(Records contained in a dataset)
========================================================================
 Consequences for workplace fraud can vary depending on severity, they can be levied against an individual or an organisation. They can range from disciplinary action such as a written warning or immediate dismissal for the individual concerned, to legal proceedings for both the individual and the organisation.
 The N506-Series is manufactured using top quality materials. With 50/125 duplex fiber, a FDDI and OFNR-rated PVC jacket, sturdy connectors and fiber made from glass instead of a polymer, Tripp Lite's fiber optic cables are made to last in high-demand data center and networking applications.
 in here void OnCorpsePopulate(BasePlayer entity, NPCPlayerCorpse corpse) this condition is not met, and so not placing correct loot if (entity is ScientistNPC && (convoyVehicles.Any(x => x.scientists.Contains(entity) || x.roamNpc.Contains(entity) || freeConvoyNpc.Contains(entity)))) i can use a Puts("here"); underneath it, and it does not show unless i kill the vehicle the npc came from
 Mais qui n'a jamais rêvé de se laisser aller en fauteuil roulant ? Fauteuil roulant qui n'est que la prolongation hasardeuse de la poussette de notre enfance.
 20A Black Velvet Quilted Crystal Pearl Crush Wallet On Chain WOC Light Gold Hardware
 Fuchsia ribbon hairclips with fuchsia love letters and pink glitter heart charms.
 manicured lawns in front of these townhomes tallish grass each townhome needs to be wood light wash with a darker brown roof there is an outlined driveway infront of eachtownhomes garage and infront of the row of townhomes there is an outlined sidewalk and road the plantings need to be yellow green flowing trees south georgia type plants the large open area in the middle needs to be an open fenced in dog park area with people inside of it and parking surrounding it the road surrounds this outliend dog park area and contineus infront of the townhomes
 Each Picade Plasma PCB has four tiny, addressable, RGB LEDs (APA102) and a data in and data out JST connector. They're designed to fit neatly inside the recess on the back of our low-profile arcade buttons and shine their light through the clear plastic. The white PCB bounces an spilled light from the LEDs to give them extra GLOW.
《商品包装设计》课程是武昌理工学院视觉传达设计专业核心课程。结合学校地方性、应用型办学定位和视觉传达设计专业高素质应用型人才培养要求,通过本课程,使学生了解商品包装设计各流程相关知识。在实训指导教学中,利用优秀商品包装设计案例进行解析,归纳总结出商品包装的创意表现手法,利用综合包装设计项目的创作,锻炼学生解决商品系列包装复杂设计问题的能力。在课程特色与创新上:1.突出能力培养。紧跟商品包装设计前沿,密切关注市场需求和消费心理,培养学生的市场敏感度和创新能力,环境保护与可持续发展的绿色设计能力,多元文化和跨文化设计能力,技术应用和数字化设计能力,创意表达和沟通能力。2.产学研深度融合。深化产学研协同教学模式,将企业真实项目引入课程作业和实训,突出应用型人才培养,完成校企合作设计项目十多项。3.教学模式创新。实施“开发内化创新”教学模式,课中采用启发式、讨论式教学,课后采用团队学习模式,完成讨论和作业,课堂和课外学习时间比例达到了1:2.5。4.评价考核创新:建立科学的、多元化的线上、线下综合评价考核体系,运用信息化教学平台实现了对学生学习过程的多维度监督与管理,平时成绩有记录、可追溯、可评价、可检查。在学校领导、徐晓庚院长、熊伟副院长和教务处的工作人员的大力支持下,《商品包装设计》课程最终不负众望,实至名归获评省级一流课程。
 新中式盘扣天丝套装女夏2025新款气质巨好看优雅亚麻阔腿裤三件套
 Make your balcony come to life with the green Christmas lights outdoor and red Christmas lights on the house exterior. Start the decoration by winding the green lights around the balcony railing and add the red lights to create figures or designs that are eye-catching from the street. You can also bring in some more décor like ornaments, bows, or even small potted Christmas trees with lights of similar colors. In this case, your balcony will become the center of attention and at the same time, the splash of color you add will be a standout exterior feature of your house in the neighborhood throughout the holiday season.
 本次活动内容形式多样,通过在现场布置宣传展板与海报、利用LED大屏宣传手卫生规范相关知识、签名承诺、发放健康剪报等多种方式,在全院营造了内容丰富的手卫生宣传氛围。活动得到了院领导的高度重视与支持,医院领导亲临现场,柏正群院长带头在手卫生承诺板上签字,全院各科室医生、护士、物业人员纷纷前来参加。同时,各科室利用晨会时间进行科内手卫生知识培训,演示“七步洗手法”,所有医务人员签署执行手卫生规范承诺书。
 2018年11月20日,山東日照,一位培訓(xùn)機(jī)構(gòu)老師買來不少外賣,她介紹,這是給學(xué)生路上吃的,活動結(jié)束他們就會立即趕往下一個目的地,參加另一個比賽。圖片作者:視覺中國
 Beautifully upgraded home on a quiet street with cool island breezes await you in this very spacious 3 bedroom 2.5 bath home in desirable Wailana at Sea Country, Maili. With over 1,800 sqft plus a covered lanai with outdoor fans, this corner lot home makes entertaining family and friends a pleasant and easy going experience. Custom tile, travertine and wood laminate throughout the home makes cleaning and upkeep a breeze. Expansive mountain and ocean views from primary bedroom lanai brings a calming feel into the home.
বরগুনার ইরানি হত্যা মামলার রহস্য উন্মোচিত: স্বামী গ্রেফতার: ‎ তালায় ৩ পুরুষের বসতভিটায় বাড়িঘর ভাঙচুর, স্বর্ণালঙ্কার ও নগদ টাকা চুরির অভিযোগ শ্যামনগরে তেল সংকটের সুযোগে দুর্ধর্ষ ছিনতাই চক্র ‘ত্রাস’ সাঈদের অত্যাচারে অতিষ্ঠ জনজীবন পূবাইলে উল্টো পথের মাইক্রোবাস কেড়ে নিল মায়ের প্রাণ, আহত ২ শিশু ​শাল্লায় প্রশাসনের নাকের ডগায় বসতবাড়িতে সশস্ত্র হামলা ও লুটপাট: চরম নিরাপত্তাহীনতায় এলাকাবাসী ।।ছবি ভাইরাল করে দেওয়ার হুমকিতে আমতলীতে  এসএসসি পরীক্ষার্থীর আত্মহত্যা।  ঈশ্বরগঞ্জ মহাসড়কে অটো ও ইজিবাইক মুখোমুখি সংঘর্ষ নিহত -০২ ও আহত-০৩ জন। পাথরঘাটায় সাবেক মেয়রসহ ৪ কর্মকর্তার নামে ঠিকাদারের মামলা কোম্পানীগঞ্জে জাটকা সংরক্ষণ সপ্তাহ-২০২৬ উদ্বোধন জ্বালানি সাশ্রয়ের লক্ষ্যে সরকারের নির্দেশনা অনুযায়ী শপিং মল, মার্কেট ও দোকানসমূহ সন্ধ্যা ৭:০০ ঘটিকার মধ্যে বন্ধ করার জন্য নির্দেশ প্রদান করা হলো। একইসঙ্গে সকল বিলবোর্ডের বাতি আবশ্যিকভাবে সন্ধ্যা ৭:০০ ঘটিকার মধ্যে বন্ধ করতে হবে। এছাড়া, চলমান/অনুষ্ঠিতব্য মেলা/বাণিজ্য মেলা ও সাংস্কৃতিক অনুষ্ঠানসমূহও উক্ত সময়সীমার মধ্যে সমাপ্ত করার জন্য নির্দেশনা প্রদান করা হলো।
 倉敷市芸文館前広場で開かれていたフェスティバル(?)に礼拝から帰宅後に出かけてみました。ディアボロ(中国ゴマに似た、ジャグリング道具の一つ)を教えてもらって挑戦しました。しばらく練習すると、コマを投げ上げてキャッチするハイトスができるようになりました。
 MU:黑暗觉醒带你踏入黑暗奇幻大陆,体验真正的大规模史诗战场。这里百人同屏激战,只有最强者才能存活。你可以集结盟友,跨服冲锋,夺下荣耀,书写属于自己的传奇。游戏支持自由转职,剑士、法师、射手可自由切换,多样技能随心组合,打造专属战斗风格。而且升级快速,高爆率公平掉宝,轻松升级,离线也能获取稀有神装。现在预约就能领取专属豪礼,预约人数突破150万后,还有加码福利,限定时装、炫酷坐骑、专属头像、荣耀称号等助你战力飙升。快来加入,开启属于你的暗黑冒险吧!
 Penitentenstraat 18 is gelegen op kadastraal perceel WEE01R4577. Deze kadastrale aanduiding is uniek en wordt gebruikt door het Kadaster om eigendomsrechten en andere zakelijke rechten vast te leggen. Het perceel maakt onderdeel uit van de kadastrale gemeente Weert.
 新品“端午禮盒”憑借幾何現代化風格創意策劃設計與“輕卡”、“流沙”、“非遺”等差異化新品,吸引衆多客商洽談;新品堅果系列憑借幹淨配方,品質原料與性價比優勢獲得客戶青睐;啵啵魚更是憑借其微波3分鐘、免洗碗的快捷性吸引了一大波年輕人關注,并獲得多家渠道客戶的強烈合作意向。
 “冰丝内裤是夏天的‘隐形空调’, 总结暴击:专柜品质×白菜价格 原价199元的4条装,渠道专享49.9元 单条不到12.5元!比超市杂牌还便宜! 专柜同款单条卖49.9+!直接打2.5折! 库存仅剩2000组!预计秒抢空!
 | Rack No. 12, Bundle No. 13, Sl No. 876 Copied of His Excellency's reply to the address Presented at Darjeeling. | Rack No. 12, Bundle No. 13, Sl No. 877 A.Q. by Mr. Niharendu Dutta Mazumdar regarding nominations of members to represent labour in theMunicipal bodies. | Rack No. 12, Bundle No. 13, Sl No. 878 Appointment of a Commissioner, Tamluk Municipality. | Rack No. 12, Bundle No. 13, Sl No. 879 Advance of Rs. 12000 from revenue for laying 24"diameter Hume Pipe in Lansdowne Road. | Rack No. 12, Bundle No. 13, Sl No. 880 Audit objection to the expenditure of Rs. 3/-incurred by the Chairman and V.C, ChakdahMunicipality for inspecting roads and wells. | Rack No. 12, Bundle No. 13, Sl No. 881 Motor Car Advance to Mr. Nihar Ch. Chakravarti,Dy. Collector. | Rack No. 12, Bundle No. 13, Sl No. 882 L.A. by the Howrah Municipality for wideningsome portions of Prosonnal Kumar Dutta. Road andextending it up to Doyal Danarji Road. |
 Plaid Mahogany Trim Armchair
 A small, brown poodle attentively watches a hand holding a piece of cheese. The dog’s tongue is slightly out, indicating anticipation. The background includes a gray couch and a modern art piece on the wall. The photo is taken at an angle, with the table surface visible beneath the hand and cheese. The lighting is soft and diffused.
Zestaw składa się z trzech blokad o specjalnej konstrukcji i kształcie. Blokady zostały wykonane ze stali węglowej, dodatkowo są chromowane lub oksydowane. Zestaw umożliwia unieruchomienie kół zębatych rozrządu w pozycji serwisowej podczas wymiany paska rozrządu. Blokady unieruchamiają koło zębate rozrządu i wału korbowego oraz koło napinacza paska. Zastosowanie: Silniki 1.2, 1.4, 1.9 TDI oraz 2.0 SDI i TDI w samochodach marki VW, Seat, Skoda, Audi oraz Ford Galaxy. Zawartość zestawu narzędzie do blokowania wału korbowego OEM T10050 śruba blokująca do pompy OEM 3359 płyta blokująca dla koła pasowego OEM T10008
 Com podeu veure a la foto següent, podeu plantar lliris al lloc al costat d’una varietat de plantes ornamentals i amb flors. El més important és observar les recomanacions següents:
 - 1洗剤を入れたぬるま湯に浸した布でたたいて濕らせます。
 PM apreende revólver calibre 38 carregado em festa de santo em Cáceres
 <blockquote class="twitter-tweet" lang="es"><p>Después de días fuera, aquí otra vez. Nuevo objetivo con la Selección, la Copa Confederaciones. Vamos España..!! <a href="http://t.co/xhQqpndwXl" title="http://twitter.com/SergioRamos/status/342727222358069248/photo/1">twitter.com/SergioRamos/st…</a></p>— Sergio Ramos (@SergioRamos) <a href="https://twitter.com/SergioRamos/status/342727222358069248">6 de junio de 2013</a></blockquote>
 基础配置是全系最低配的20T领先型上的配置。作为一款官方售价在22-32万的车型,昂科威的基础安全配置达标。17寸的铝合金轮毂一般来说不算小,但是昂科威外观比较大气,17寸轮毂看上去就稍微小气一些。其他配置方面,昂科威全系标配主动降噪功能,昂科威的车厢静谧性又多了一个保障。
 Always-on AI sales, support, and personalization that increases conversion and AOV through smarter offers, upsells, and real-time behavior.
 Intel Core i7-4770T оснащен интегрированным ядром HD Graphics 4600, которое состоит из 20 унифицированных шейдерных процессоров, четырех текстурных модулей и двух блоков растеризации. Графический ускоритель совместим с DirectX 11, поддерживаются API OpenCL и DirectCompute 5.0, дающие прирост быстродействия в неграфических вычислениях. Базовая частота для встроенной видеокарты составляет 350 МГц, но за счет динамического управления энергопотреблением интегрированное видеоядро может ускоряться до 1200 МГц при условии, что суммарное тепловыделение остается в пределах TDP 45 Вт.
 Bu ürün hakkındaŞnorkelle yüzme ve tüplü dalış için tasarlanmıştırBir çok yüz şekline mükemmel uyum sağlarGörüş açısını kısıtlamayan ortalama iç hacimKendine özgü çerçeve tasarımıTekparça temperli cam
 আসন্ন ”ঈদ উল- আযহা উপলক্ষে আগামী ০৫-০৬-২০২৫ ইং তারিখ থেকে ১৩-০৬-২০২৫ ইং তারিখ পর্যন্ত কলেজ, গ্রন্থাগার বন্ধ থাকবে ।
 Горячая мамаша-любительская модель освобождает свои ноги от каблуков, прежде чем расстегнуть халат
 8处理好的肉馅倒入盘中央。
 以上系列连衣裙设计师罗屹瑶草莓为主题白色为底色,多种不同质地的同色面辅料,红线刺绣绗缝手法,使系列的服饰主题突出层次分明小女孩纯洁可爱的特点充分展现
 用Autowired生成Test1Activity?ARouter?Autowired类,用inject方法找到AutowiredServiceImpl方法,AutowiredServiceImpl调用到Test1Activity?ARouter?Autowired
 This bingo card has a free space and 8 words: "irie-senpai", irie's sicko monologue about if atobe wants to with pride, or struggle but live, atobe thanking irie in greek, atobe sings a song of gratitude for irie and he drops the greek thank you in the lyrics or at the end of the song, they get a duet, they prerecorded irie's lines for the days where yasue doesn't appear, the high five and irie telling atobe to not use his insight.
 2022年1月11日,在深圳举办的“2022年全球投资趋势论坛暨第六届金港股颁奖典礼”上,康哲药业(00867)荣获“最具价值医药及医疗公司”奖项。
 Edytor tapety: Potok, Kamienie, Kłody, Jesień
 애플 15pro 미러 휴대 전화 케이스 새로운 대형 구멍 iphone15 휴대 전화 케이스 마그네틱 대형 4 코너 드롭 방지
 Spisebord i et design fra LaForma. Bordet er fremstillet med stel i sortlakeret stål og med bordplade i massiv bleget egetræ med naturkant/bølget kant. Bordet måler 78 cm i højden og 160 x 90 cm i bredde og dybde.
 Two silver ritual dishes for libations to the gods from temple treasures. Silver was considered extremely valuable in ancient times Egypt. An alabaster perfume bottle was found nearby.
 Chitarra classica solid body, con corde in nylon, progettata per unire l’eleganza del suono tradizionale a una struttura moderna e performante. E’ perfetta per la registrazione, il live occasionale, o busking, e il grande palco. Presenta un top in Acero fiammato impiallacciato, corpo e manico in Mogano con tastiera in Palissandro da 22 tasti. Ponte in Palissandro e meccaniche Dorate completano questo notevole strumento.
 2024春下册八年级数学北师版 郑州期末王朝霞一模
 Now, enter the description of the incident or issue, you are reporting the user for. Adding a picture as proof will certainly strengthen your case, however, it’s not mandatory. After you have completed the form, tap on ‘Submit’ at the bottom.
========================================================================
Which lines above contain the word "street"? Show each of them.

 Make your balcony come to life with the green Christmas lights outdoor and red Christmas lights on the house exterior. Start the decoration by winding the green lights around the balcony railing and add the red lights to create figures or designs that are eye-catching from the street. You can also bring in some more décor like ornaments, bows, or even small potted Christmas trees with lights of similar colors. In this case, your balcony will become the center of attention and at the same time, the splash of color you add will be a standout exterior feature of your house in the neighborhood throughout the holiday season.
 Beautifully upgraded home on a quiet street with cool island breezes await you in this very spacious 3 bedroom 2.5 bath home in desirable Wailana at Sea Country, Maili. With over 1,800 sqft plus a covered lanai with outdoor fans, this corner lot home makes entertaining family and friends a pleasant and easy going experience. Custom tile, travertine and wood laminate throughout the home makes cleaning and upkeep a breeze. Expansive mountain and ocean views from primary bedroom lanai brings a calming feel into the home.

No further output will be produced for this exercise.